Electron delocalization in mixed-valence butadienediyl-bridged diruthenium complexes

Abstract

We report electrochemical and spectroelectrochemical investigations on the butadienediyl-bridged diruthenium complexes [{Ru(PPh3)2(CO)Cl}2(μ-C4H4)] (1), [{Ru(PEt3)3(CO)Cl}2(μ-C4H4)] (2), and [{Ru(PPh3)2(CO)Cl(NC5H4COOEt-4)}2(μ-C4H4)] (3). All these complexes are oxidized in two consecutive one-electron steps separated by 315 to 680 mV, depending on the co-ligands. The first oxidation is a chemically and electrochemically reversible process whereas the second varies from nearly reversible to irreversible at room temperature. We have generated and investigated the mixed-valence monocations and observed CO band shifts of ca 25 cm−1 and the appearance of new bands in the visible regime at ca 720 to 800 and 430 to 450 nm. The lower-energy band which tails into the near infrared has been assigned as a charge-resonance (or intervalence charge-transfer) absorption and used to estimate the electronic coupling parameter H AB. Our investigations point to valence delocalization for 2 + , and nearly delocalized behavior for 1 + and 3 + . Even the complex with the smallest potential splitting is, however, fully delocalized on the longer ESR timescale, as is evident from the coupling pattern of the solution spectrum.
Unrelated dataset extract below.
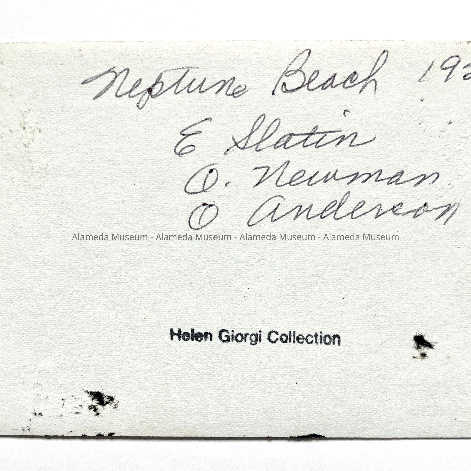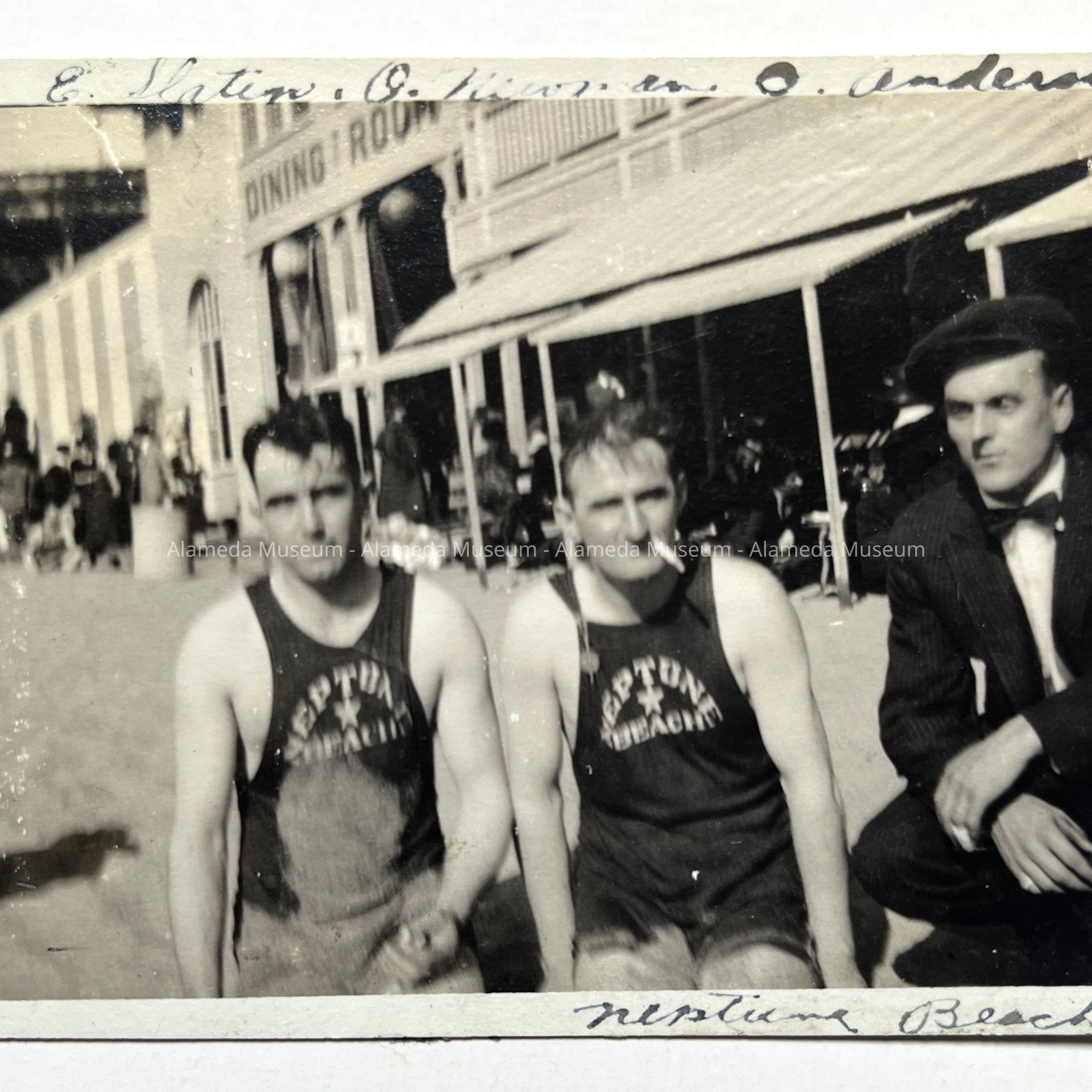 History of Object: Photo of E. Slatin, O. Newman, and O. Anderson at Neptune Beach, Alameda, California, 1920.

Overall IR band shifts on full oxidation and the hyperfine splittings for 1 + argue for charge and spin delocalization onto the bridging C4H4 ligand. This issue has also been addressed by quantum chemical calculations employing DFT methods. Geometry optimizations at each oxidation level reveal inversion of the C–C bond pattern from a short–long–short to a long–short–long alteration and a bis(carbenic) structure at the dication stage. All spectroscopic features such as IR band shifts, average g-values and g-tensor anisotropies are fully reproduced by the calculations.